Later this month, instead of converting the world, part of the Amazonia agenda is to REVERT the Church—back to Mother Nature.
As a possible portend for the future, this degree of accompaniment/ accommodation is almost Islamic. . . Mohammed adopted earlier pagan practices directly into his SYNCRETIC religion (incidentally: to be categorically distinguished from the Christian “Faith”). Co-opted were such pagan features as the earlier warrior code (jihad), plunder, and pilgrimage to the (usurped) Ka’ba in Mecca. Likewise, he adopted the Judeo-Christian practices of prayer, alms (three more of the “five pillars of Islam”).
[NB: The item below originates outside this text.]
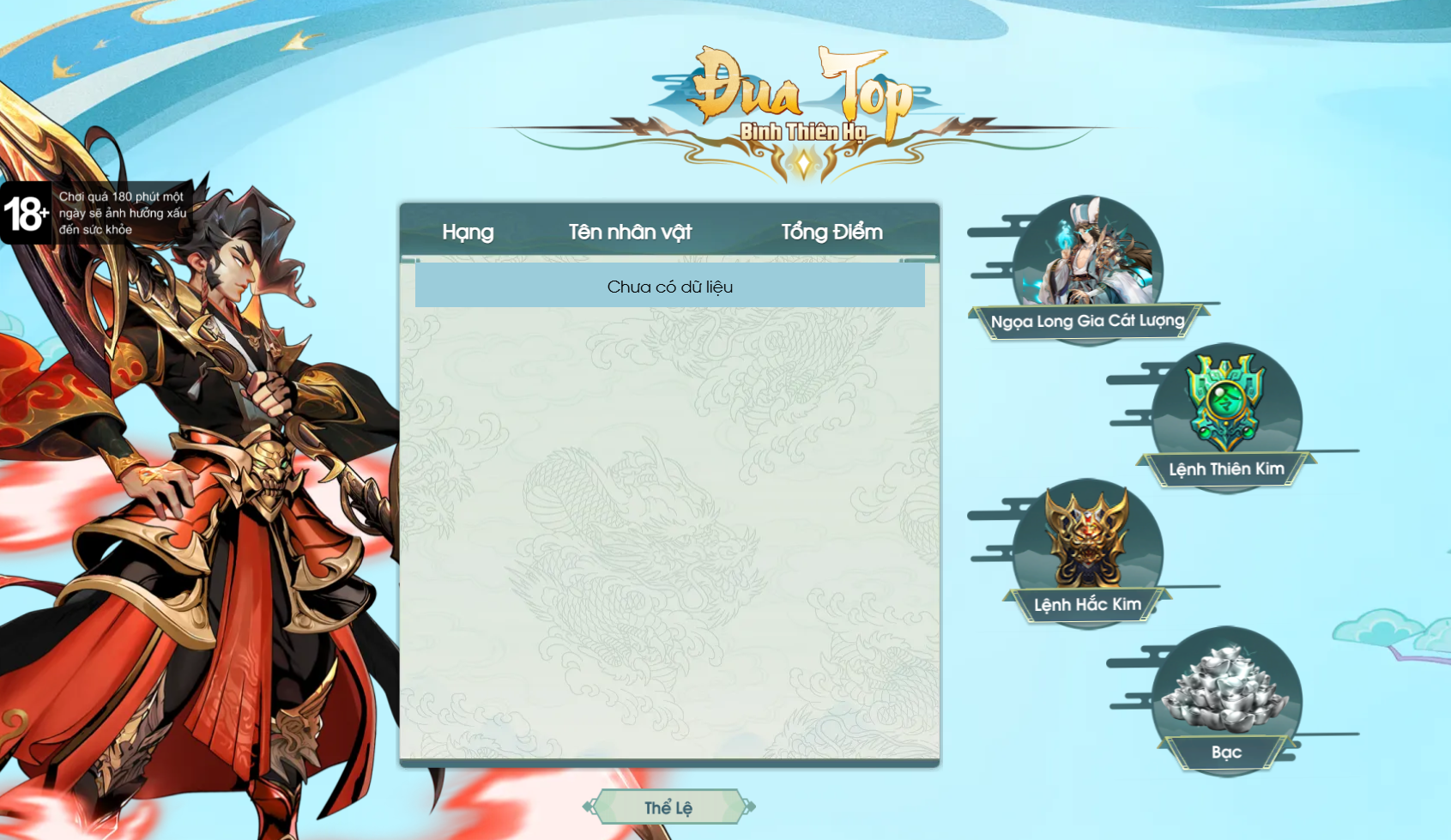 Trong thời gian sự kiện, tiêu hao vật phẩm Quạt Lông trong minigame Bình Thiên Hạ Cùng Gia Cát Lượng để đạt Điểm thứ hạng cao trên BXH;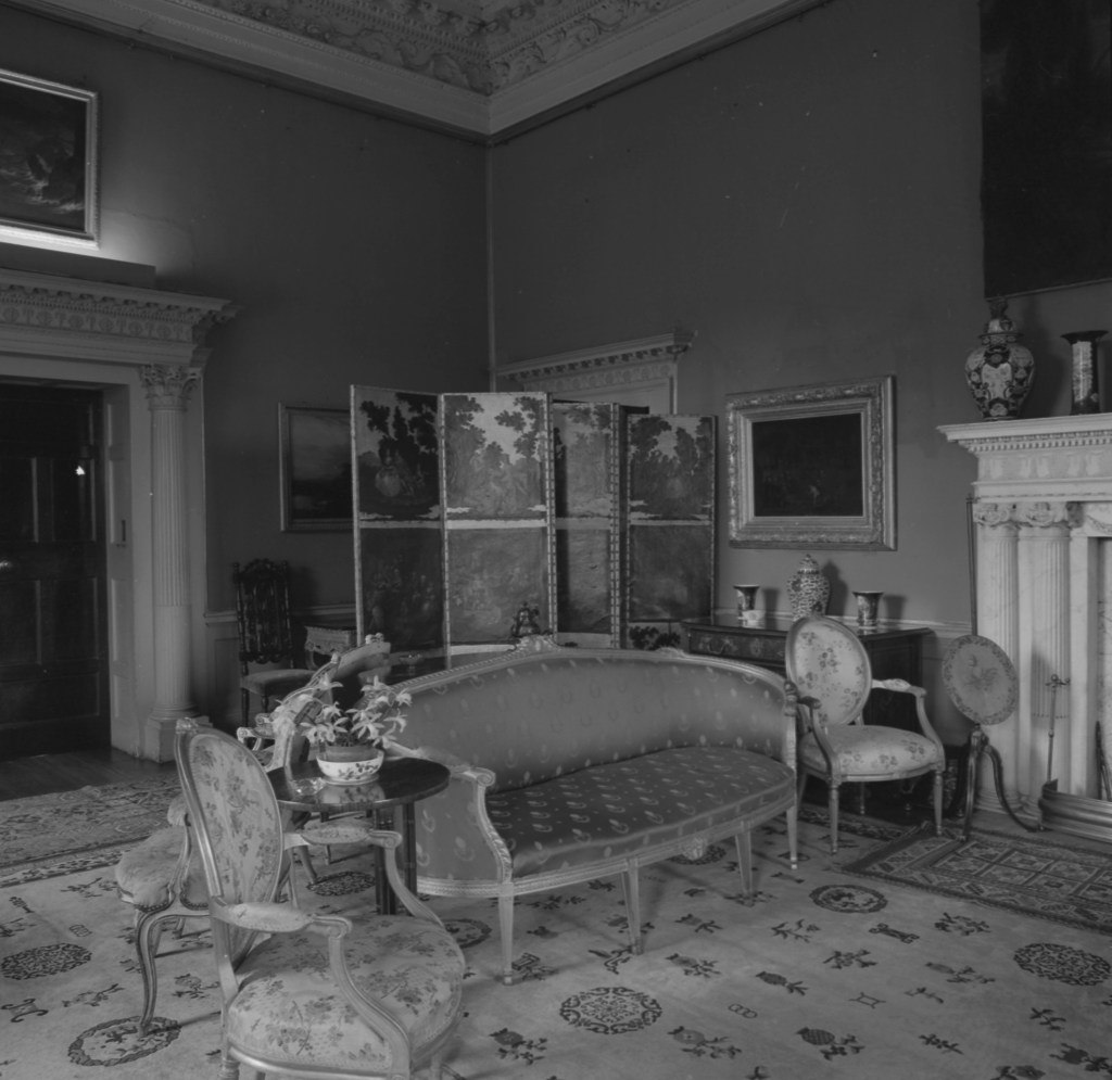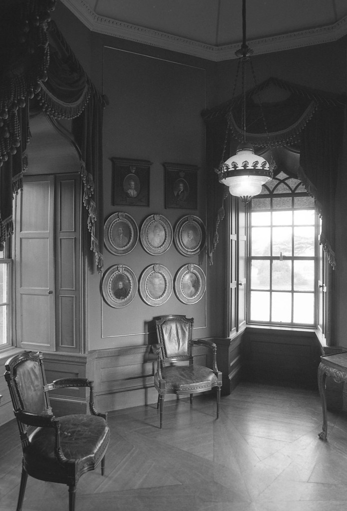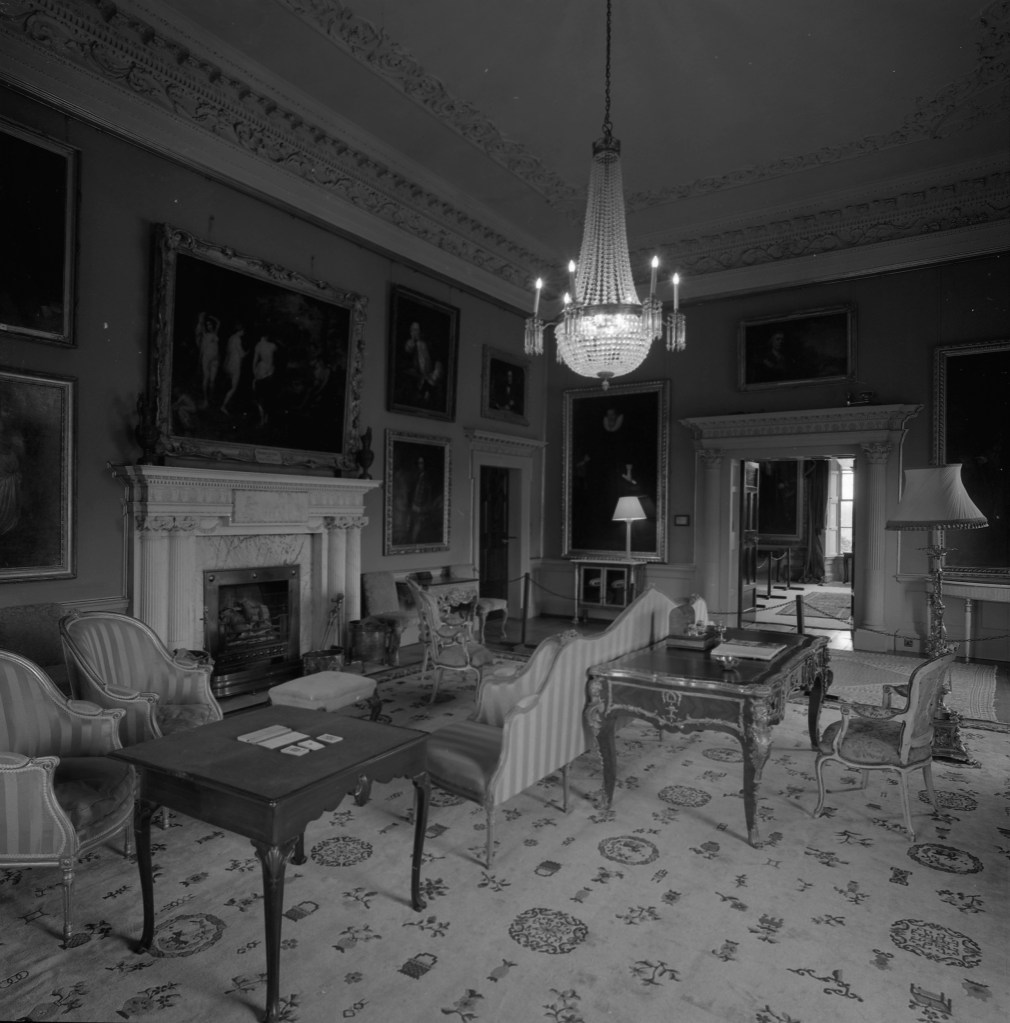 Mark Bence-Jones continues: “The doorway between the two rooms has on one side a doorcase with a broken pediment on Ionic columns. The walls of the two drawing rooms are painted a subtle shade of orange, which makes a perfect background to the pictures in their gilt frames.

For the record, parallels of such GRAFTING-ON are to found in early Christian history as well—e.g., adoption of the Roman civil basilica as a Church form in the West. And a few centuries later (601 A.D.) Pope Gregory even instructed that pagan temples in Britain could be cleansed of their pagan idols and dedicated and used for Christian worship (Bede the Venerable, History of the English Church and People). The calendar for Christian holy-days, too, sometimes might have replaced pagan ceremonials—-the exact date for Christmas falls on December 25, previously the solar feast of the Unconquered Sun celebrated throughout the Mediterranean world (“…the early Fathers transmuted heathen revelry into Christian joy,” writes Frederich Wilhelmsen, in his Citizen of Rome).
But now, we are dallying with reversion RATHER THAN conversion. . .
In addition to the totems of Amazonia, the ghosts of early Germania are also in play. Amazonia: co-opted as a proxy skirmish for Cardinal Marx’s larger agenda—-a polyglot/nationwide/tribal synod in Germania, now jousting with Rome as to who speaks for the historical and ecumenical/Catholic Church.